June 8th, 2012
本稿では、RAW 264.7細胞による無水物ナノ粒子や細菌の内在化を定量化するためにマルチスペクトルイメージングフローサイトメトリーを利用する方法について説明します。
ナノ粒子とバクテリアの内在化の細胞メカニズムをマルチスペクトルイメージングフローサイトメトリーで解析する。マクロファージは、アクチン重合を阻害するために、まずcyto klain Dで前処理されます。ナノ粒子またはサルモネラ菌をマクロファージ、単層に添加し、インキュベートします。
次に、マクロファージを回収し、固定し、画像ストリームを使用して分析するために標識します。ナノ粒子および/またはサルモネラ菌を内在化したマルチスペクトルイメージングフローサイトメーター細胞は、表面結合ナノ粒子および/またはサルモネラ菌を有する細胞と区別されます。得られたデータは、サルモネラ菌とナノ粒子の両方が、サイトクレインで処理されていない細胞によってのみ内在化されることを示しています。
Dは、内在化がアクチン依存性であることを示唆しています。

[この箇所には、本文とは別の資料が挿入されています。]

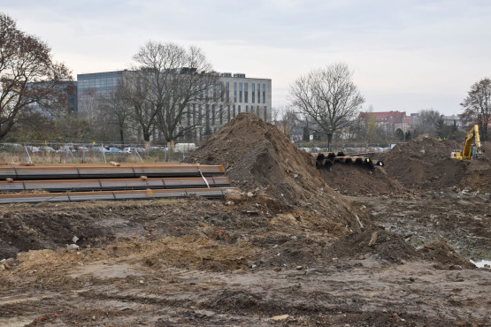 Zakres prac prowadzonych obecnie na dawnej Gontynce jest jednak szerszy. Zakończono już roboty przygotowawcze. (m.in. podłączono media do zaplecza budowy, zabezpieczono szpaler okazałych lip przed uszkodzeniami i przeprowadzono rozpoznanie saperskie) Przystąpiono również do pierwszych prac budowlanych w miejscu, w którym stanie budynek z basenami.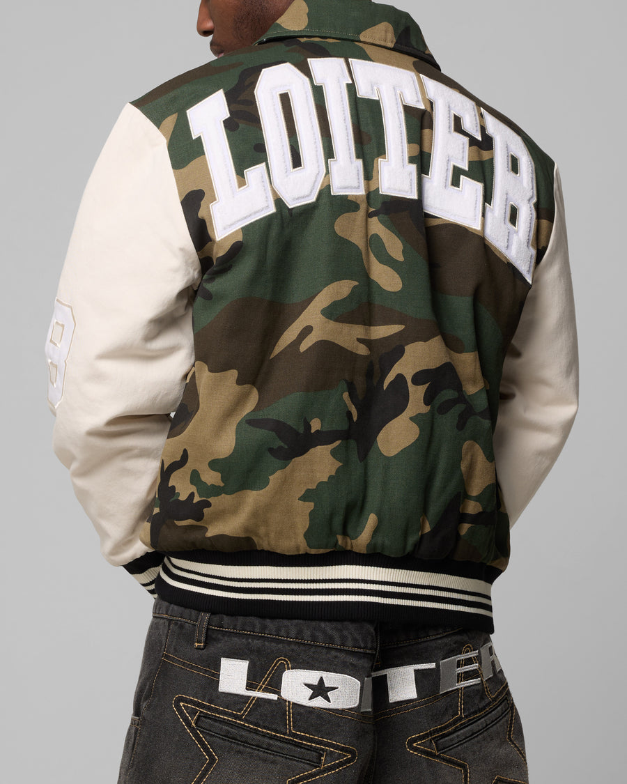 Stay warm while looking fresh and who better to heat up your wardrobe than Loiter! This jacket features a mix of embroidered graphics and chenille appliqués that'll get you all the compliments, contrast cuffs and hems add a little something extra and the snap button closure finishes off the classic varsity jacket vibe. Cop yours today at Culture Kings.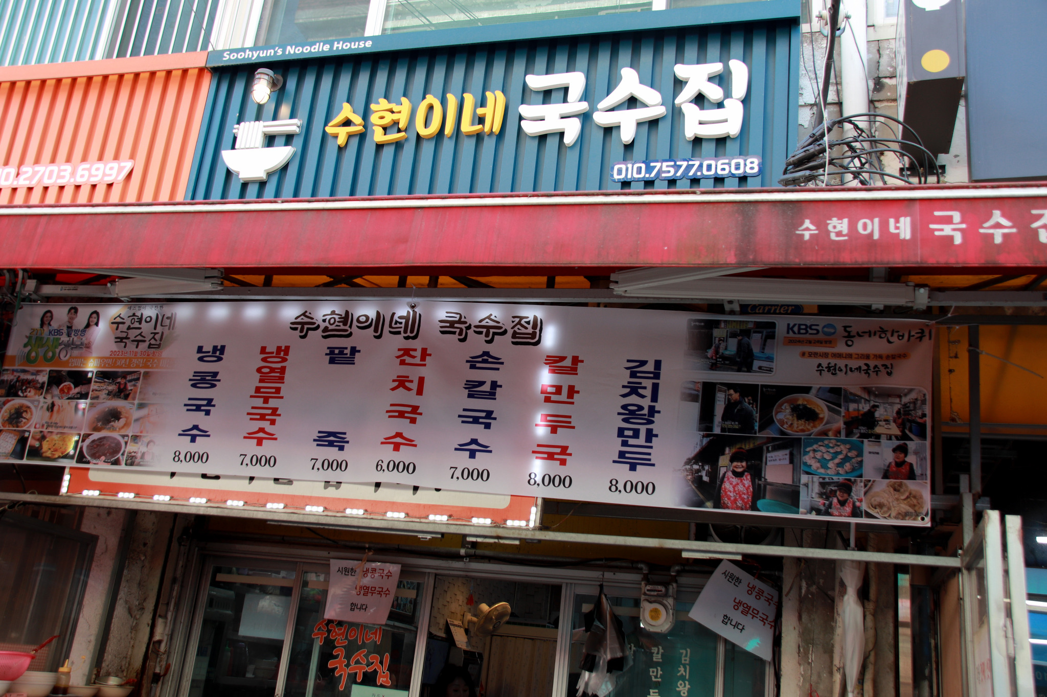 기름골목에 있는 수현이네 국수집으로 5일 장날 장터에 있는 수현이네 국수집의 딸이 운영을 하고 있다./손칼국수가 7년 전 보다 2,000원 올랐네요.

この手法には、フローサイトメトリーや共焦点顕微鏡法などの既存の方法に比べていくつかの利点があります。主に、異なる細胞の特徴間の蛍光シグナル強度と空間分解能を高速で正確に測定します。
この方法は、バイオマテリアルワクチンとドラッグデリバリー研究の両方、および多くの病原体相互作用研究における重要な疑問に答えるのに役立ちます。これには、ポリ無水物ナノ粒子やバクテリアが利用する内在化経路の描写が含まれます。一般的に、この方法に不慣れな人はしばしば苦労します。
最適な蛍光シグナルを得るためには、色素の滴定に時間を費やすことが重要です。また、ソフトウェアを理解し、分析テンプレートを作成するのにも時間がかかります。この手法のアイデアを思いついたのは、顕微鏡などの手法を用いて、ポリハイドロナノ粒子が病原体模倣特性を示すことを発見したときでした。

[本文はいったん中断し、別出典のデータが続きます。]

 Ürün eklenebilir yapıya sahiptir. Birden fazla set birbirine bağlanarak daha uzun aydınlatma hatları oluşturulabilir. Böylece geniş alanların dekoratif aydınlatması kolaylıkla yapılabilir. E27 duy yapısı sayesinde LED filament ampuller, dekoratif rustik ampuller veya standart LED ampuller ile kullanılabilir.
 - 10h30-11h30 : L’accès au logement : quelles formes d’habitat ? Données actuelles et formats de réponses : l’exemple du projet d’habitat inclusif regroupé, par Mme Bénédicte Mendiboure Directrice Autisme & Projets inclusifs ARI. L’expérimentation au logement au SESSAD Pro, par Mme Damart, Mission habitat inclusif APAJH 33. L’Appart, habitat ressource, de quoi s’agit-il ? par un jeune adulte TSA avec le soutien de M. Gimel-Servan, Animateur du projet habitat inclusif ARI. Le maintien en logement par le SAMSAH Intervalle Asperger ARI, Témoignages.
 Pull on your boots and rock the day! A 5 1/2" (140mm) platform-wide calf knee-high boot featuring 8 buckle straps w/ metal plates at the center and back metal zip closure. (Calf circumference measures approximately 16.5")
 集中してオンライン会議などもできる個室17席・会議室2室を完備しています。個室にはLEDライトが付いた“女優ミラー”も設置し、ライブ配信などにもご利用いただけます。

次に、アッセイを実行する前に、サルモネラ菌と花粉水素化物ナノ粒子が使用する内部化プロセスを比較するためのハイスループットシステムが必要でした。すべての哺乳類および細菌の細胞培養物を回収し、ナノ粒子懸濁液を調製する必要があります。まず、セルスクレーパーを使用してコンフルエントな RA W2 64.7 細胞を回収します。
ヘモサイトメーターを使用して細胞数を決定します。次いで、細胞を24ウェル培養皿に1ウェルあたり10の5倍密度で0.5ミリリットルで5番目の細胞にプレートする。完全なDMEMを摂氏37度で一晩インキュベートし、5%CO2インキュベーターでインキュベートします。

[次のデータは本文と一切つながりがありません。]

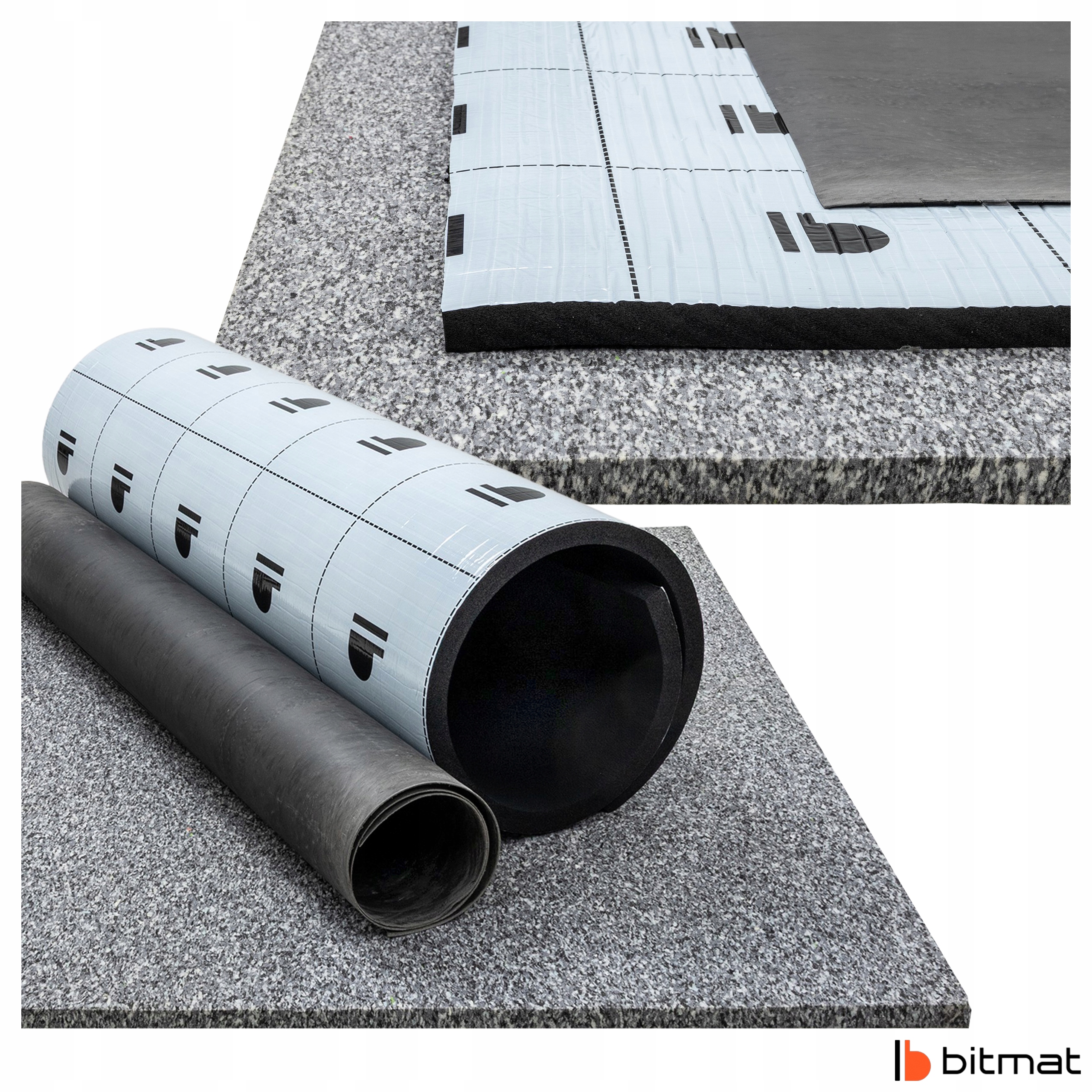 ✴ Bitmat K19s (19 мм, 60 кг/м³) резиновая пена -это самоадгеляющая пена с закрытым клетками, задача которого состоит в том, чтобы блокировать средние и более высокие частоты. (1 мм, 1900 кг/м³) - это материал с очень высокой плотностью (1900 кг/м³), предназначенный для снижения низких частот - например, Шаги звуки или вибрация потолка.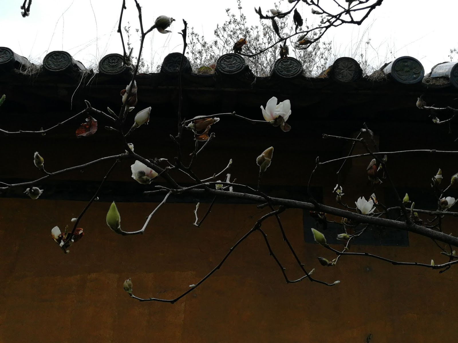 | Magnolie rozkwitłe nad posągiem Yuan Jiagu. |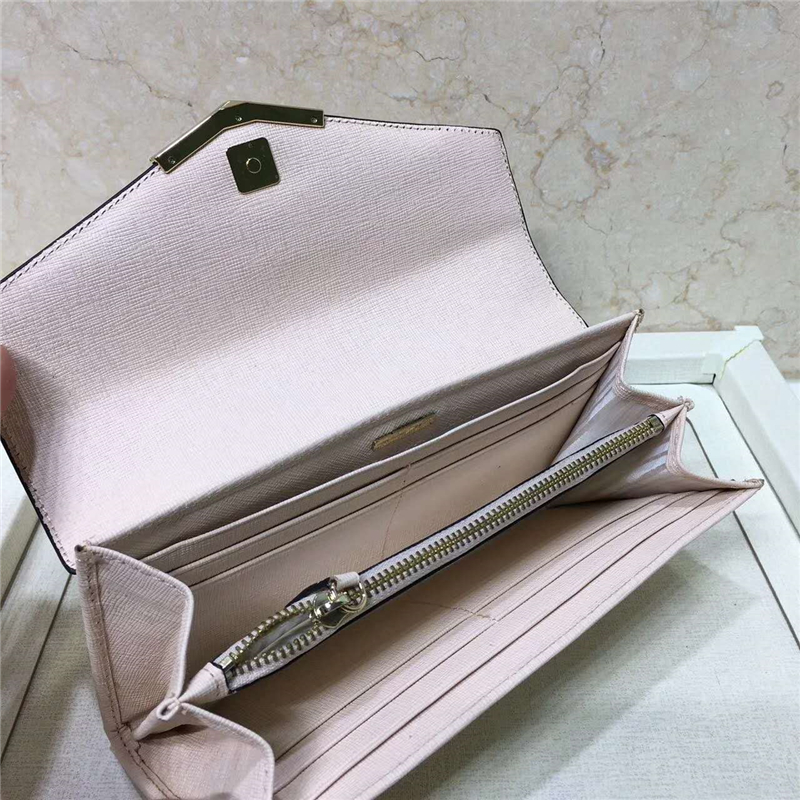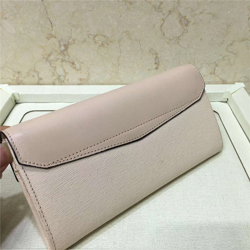 - 0306 FENDI 芬迪 小牛皮 翻盖按扣 长款皮夹 米色
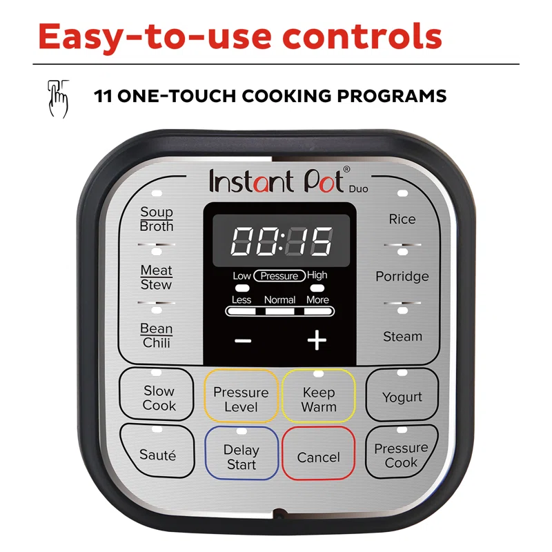Instant Pot 110-0043-01 Duo 7-in-1 Electric Pressure Cooker. Slow Cooker. Rice Cooker. Steamer. Sauté. Yogurt Maker. Warmer & Sterilizer. Includes App With Over 800 Recipes. Stainless Steel. 3 Quart

サルモネラ菌を調製するには、C-D-M-E-Mでサルモネラ菌を希釈して変換し、16 x 125ミリメートルのオートクレーブスクリューキャップガラス培養チューブでRA W2 64.7細胞あたり100の感染の多様性を得る。次に、滅菌したホエイペーパーを使用して、2009年の論文および製薬研究でreanの同僚が1.5ミリリットルのマイクロ遠心チューブで説明したように、生成された1%FITCを充填したポリ無水物ナノ粒子の5ミリグラムを秤量します。ナノ粒子を0.5ミリリットルの冷たいリン酸緩衝生理食塩水に加え、氷の上に置きます。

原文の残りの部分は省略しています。